Alison Meeke (born 7 June 1991), also referred to as Ali Meeke, is an Ireland women's field hockey international. She was a member of the Ireland team that played in the 2018 Women's Hockey World Cup final. Meeke has also won Irish Senior Cup and Women's Irish Hockey League titles with Loreto.

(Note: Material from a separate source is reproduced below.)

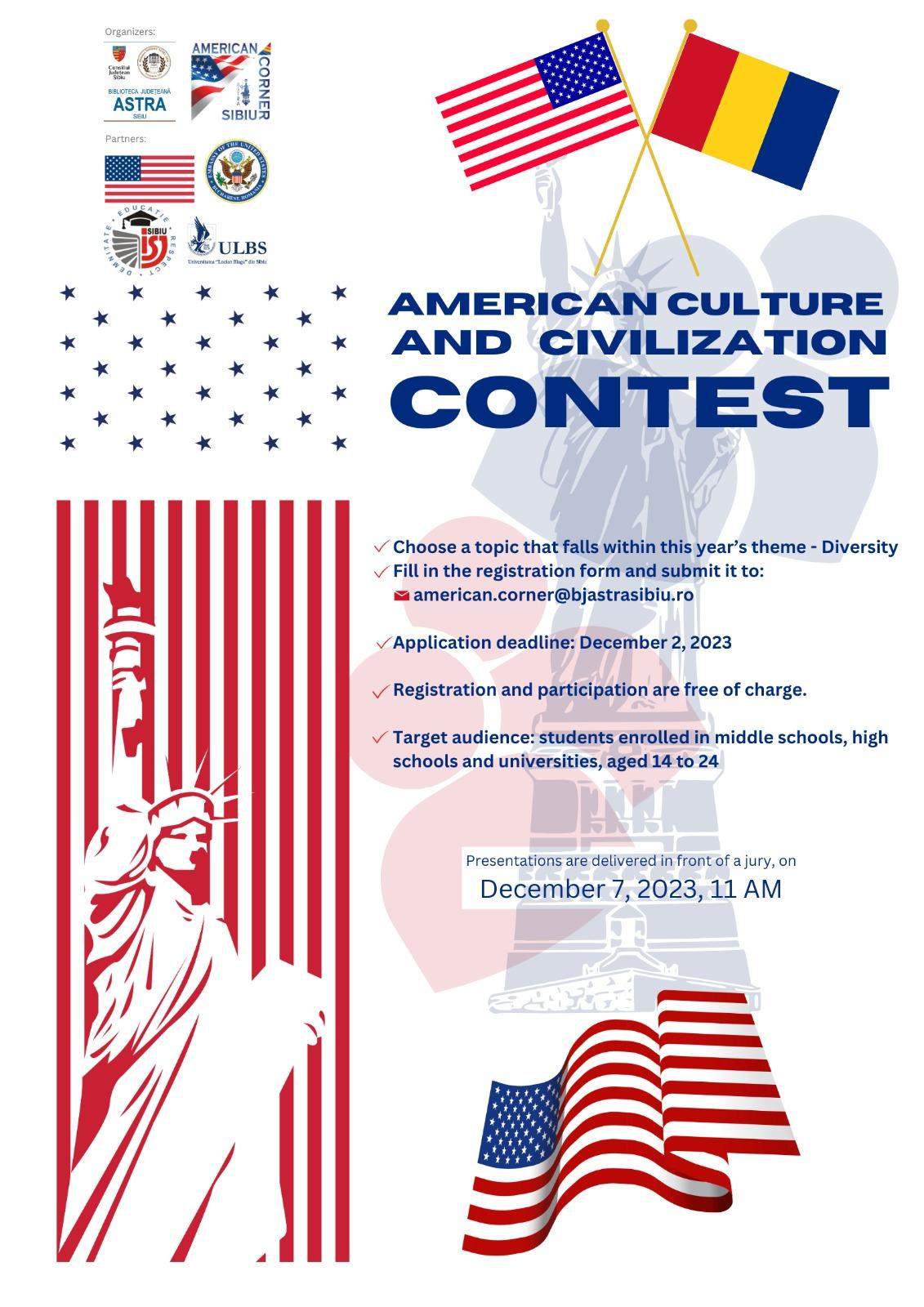 Biblioteca Județeană ASTRA Sibiu și American Corner Sibiu organizează Concursul de Cultură și Civilizație Americană/ American Culture and Civilization Contest, în parteneriat cu Ambasada S.U.A. în România, Universitatea „Lucian Blaga” din Sibiu (ULBS) și Inspectoratul Școlar Județean Sibiu, cu sprijinul Consiliului Județean Sibiu.

Early years, family and education
Between 2003 and 2009 Meeke attended The High School, Dublin. Between 
2010 and 2013 she attended Sallynoggin College of Further Education where she studied Fitness and Personal Training. Since 2017 she has attended St Mary's University, Twickenham where she is studying for a Master's degree in Strength and Conditioning. During her youth, Meeke also played Gaelic football with Ballyboden Wanderers. Together with Nicola Daly, she was a member of the Wanderers team that won 2008 Dublin Ladies Junior E Football Championship.

Domestic teams

Early years
Between 2003 and 2009, Meeke played field hockey for The High School, Dublin. Her team mates and fellow students included Nicola Daly. Meeke and Daly were members the High School team that finished as runners-up in the 2005 Leinster Schoolgirls' Premier League. In the final they lost 2–0 to an Our Lady's, Terenure team captained by Emer Lucey. In her youth Meeke also played for Corinthian Hockey Club. Meeke played for Dublin City University at intervarsity level, featuring in the 2009 Chilean Cup tournament. Her DCU team mates included Hannah Matthews.

Loreto
In 2008–09 Meeke was a member of the Loreto team that won the inaugural Women's Irish Hockey League title. She was also a member of the Loreto team won the 2009–10 Irish Senior Cup.  Meeke has also represented Loreto in European competitions. In June 2011 she was a member of the Loreto team that won the EuroHockey Club Champion's Challenge II. In June 2014 she was also a member of the Loreto team that finished third at the European Club Championship Trophy tournament hosted by Leicester Hockey Club. In May 2018 Meeke was named Player of the Tournament as Loreto won the EY Champions Trophy. Meeke's team mates at Loreto have included Nikki Symmons, Lizzie Colvin, Hannah Matthews and Nicola Daly.

PSI All Stars
In December 2018 Meeke played for the Pro Series Indoor International All-Stars in a series of exhibition indoor hockey games against South Africa.

Ireland international
Meeke made her senior debut for Ireland in April 2014 against India. In March 2015 Meeke was a member of the Ireland team that won a 2014–15 Women's FIH Hockey World League Round 2 tournament hosted in Dublin, defeating Canada in the final after a penalty shoot-out. She was also a member of the Ireland team that won the 2015 Women's EuroHockey Championship II, defeating the Czech Republic 5–0 in the final. In 2017 Meeke made her 100th senior Ireland appearance during a series of games against Spain.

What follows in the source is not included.